Technical information
- Class: C1
- ERP: 37,000 watts
- HAAT: 429.5 metres (1,409 ft)

Links
- Webcast: Listen Live
- Website: rougefm.ca/quebec.html

= CITF-FM =

Radio station in Quebec City

CITF-FM is a French-language Canadian radio station located in Quebec City, Quebec, Canada.

Owned and operated by Bell Media, it broadcasts on 107.5 MHz with an effective radiated power of 37,000 watts (class C1) using an omnidirectional antenna. The station's transmitter is located at Mount Bélair.

The station has an adult contemporary format since 1990 and is part of the "Rouge FM" network which operates across Quebec and Eastern Ontario.

==History==
CITF-FM started operations on July 22, 1982 as a sister station to the now-defunct CKCV 1280 with a beautiful music format. The latter closed in September 1990, as part of a failed attempt of Telemedia (then owner of both stations) to buy CHRC 800, as at the time owners were limited to only one AM station and one FM station per market. (Although the purchase of CKCV was denied by the Canadian Radio-television and Telecommunications Commission (CRTC), that station remained dark.)

Up until 1990, CITF-FM had a beautiful music format.
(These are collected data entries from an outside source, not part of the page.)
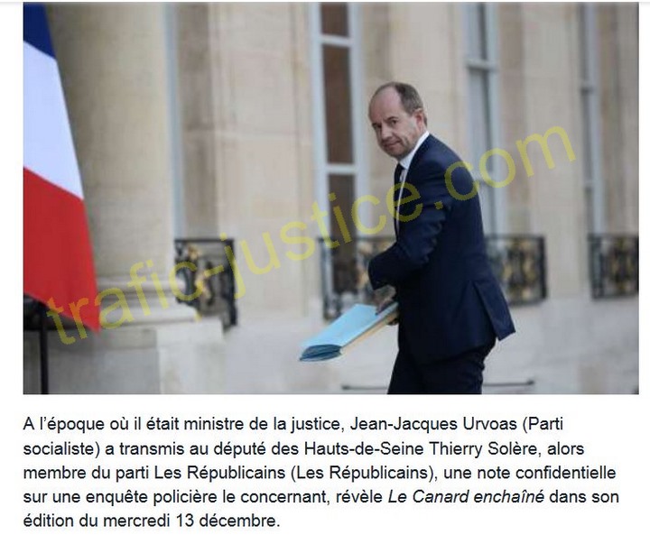 A l'époque où il était ministre de la justice , Jean-Jacques Urvoas ( Parti socialiste ) a transmis au député des Hauts-de-Seine Thierry Solère, alors membre du parti Les Républicains ( Les Républicains ), une note confidentielle sur une enquête policière le concernant, révèle Le Canard enchaîné dans son édition du mercredi 13 décembre.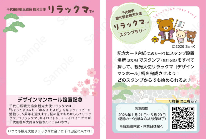 デザインマンホールの設置を記念して、記念スタンプラリーを開催する。記念カード台紙にスタンプを押して、リラックマのマンホール絵柄を作成できる。千代田区観光案内所、KANDA SQUARE、テラススクエアの3施設を回ってもらい、合計6色のスタンプを押すと記念カードが出来上がる。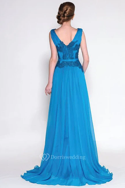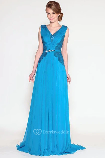 V-Neck Appliqued Maxi Sleeveless Chiffon Prom Dress With Waist Jewellery And Pleats
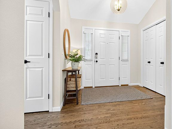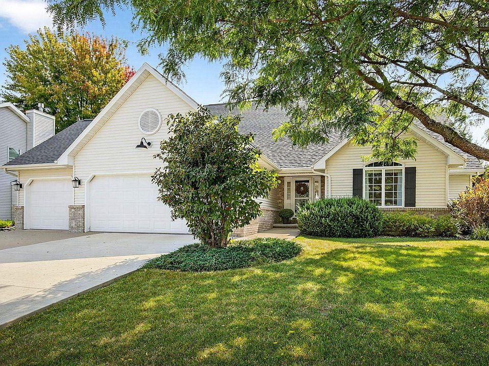 Completely updated in 2023, this stunning ranch offers over 2,000 sq ft of stylish main-floor living! Soaring 12-ft cathedral ceilings, sun-drenched spaces, & oak hardwood floors throughout main floor. The kitchen wows w/a 7-ft island, quartz counters, & new cabinetry, flowing seamlessly to the great room w/cozy gas fireplace. A four-season room invites you to relax with views of the beautifully landscaped backyard, a private sanctuary that blooms spring through fall. The large primary suite has a fireplace, dual closets, & spa-like bath w/walk-in tile shower! The finished lower level delivers a spacious rec room, exercise area, office/flex space, full bath, sauna, garage access. Roof (2023), furnace (2022), A/C (2025). Move-in ready and unbeatable location!

The station switched to adult contemporary in 1990 and the station was renamed CITF Rock-Détente.

In 2004, Astral Media revamped the Rock Détente network with a new logo. This resulted in "Rock-Détente" being renamed to simply 107,5 RockDétente. As such, the station no longer publicly uses its callsign (although the callsign was resurrected as station identification in 2011).

CITF-FM is programmed locally with their own staff, personalities and playlist, independent from the rest of the Rouge FM network. On August 18, 2011, at 4:00 p.m. EDT, the station ended its longtime 21-year run with the "RockDétente" branding. All "RockDétente" stations, including CITF, rebranded as "Rouge". On CITF-FM, the last song under the "RockDétente" branding was "Salut les amoureux" by Joe Dassin, followed by a tribute of the branding. Being locally programmed, it was the only station not to sign off "RockDétente" with "Pour que tu m'aimes encore" by Celine Dion. The first song under "Rouge" was "I Gotta Feeling" by Black Eyed Peas. As a Rouge station, CITF-FM remains locally programmed, aside from a few network programs it carries.